22 August 2019, 11:08

Pupils celebrate their GCSE results at Norwich School in Norfolk.
Pupils celebrate their GCSE results at Norwich School in Norfolk. Picture: PA

The proportion of GCSEs awarded top grades has risen for the second year in a row after the biggest exam shake-up for a generation.

The pass rate edged up to 67.3% in England, Wales and Northern Ireland - up 0.4 percentage points on last year.

More than one in five (20.8%) UK GCSE entries scored one of the three top grades this year, up 0.3 percentage points from 20.5% last summer.

The proportion receiving the top grades - at least a 7 or an A grade - is the highest since 2015 and marks the second year-on-year rise in a row.

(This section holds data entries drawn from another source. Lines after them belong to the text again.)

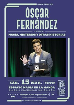 Una magia que no podrás olvidar. De la mano del ilusionista Óscar Fernández será posible entrar en un mundo donde la magia y el humor no dejarán indiferente a nadie. Números clásicos reinventados para llegar a nuevos imposibles y sensaciones únicas para toda la familia. El misterio no entiende de edades, y tanto niños como adultos vivirán por igual el misterio de la magia y descubrirán que puede ser más real de lo que pensamos.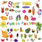 Summer themed elements, including sun, coconut tree,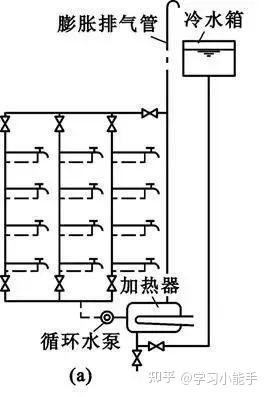 2、分类介绍:(1)开式热水供水方式在管网顶部设有水箱,管网与大气相通,系统内部的水压仅取决于水箱的设置高度,不受室外给水管网水压波动影响。该方式适用于室外给水管网水压波动大,用户用水水压要求稳定的情况。该方式的管道系统中,必须设置高位冷水箱和膨胀水管,或开式加热水箱。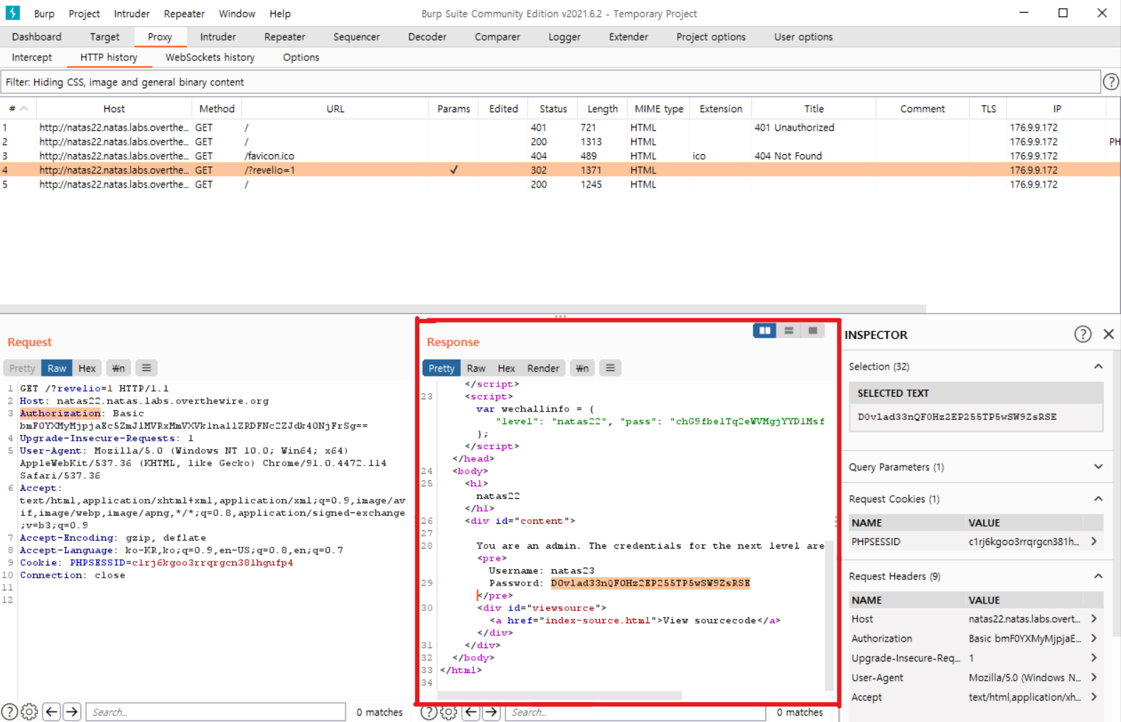 burp suite를 사용하면 새로운 페이지로 넘어가기 전 natas23의 password가 출력된 response를 가로챌 수 있다.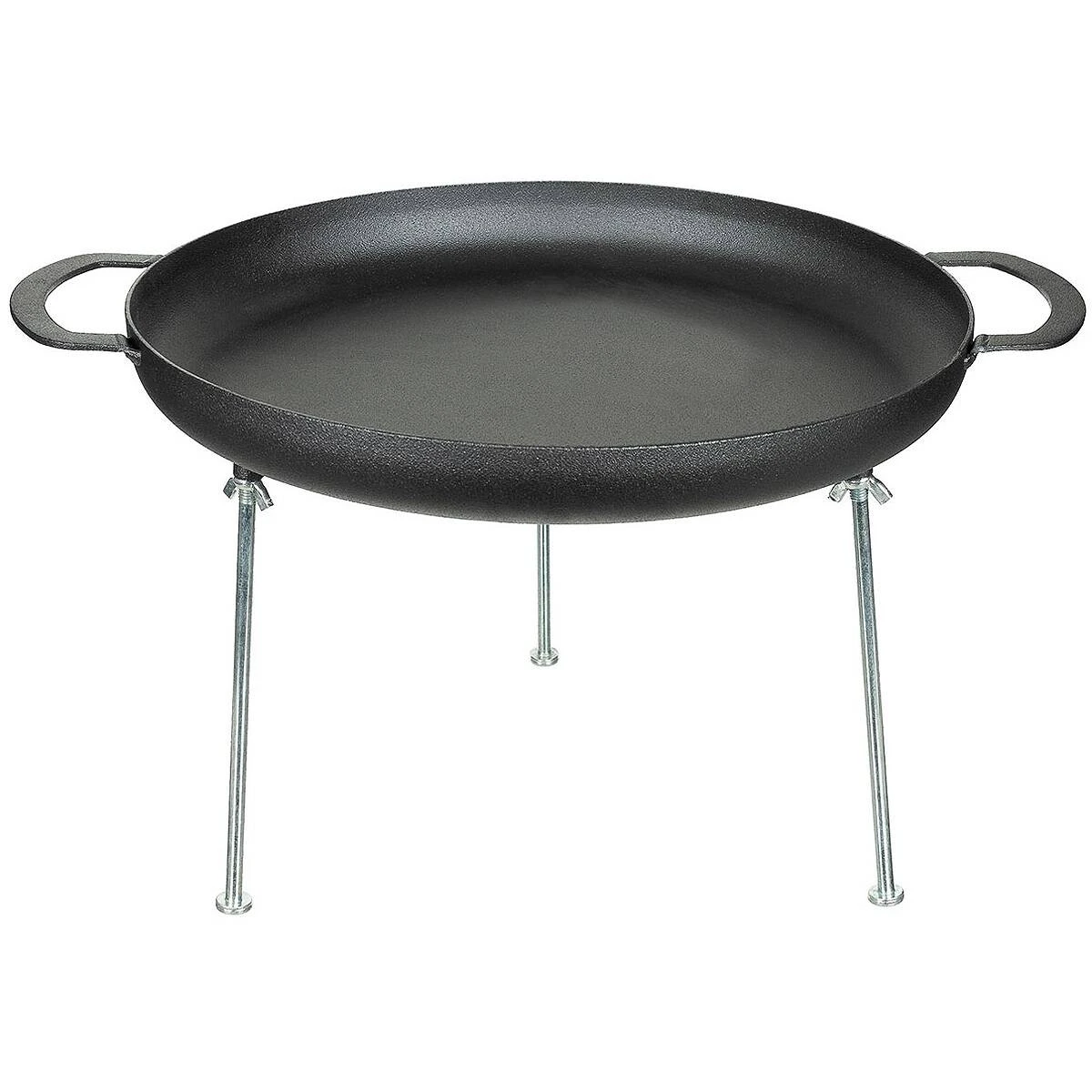 Die FOX Outdoor Feuerschale aus Eisen kann ideal als Feuer- oder Kochstelle verwendet werden. Wenn man die Grillschale mit den drei abnehmbaren Standfüßen (Bodendistanz ca. 27 cm) über ein offenes Feuer stellt, dann kann man in ihr Kochen, Grillen oder Braten. Mit einem Durchmesser von 44 cm passt dabei einiges Grillgut hinein. Bei der Verwendung als Feuerschale kommt einfach Holz direkt in die Schale. Durch die 2 Griffe lässt sich der Standort der Feuerschale bequem wechseln.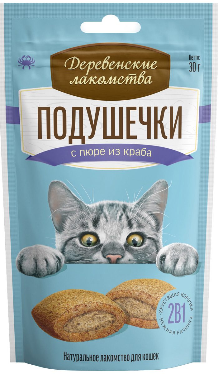 Лакомства для кошек ДЕРЕВЕНСКИЕ подушечки с пюре из краба 30 гр (1 шт)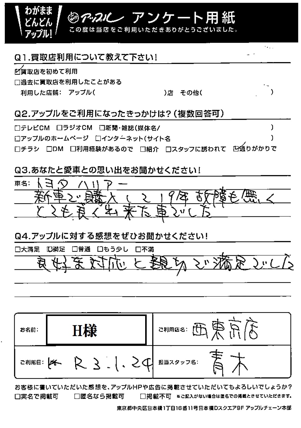 H様 車名:トヨタ ハリアー (H25年12月~のハイブリッド含む)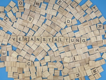 Aus Buchstaben wurde das Wort "Veranstaltung" gelegt. Es gelten die Nutzungsbedingungen der Mediothek und Pixiothek.

The proportion of entries getting at least a 4 or a C grade is also the highest since 2015.

Girls are still outperforming boys at every GCSE grade, with more getting 7s/As, 4/Cs and Gs/1.

66.2% of females scored at least a 4 or a C grade, compared to 61.7% of males.

Hundreds of thousands of students received their results on Thursday after sitting the Government's tough new GCSE courses.

Students at Brighton College in Brighton celebrate after collecting their GCSE results.
Students at Brighton College in Brighton celebrate after collecting their GCSE results. Picture: PA

Under England's exams overhaul, GCSEs have been toughened up, with less coursework, and exams at the end of the two-year courses rather than throughout.

Traditional A*-G grades have been scrapped and replaced with a 9-1 system, with 9 the highest result.

A 4 is broadly equivalent to a C grade, and a 7 broadly equivalent to an A.

Ahead of results day, school leaders raised concerns that the new GCSE courses are "demoralising" for lower-achieving students.

A poll by the Association of School and College Leaders (ASCL) of 554 members in England found that eight in 10 believe the reformed courses are having a detrimental effect on struggling students.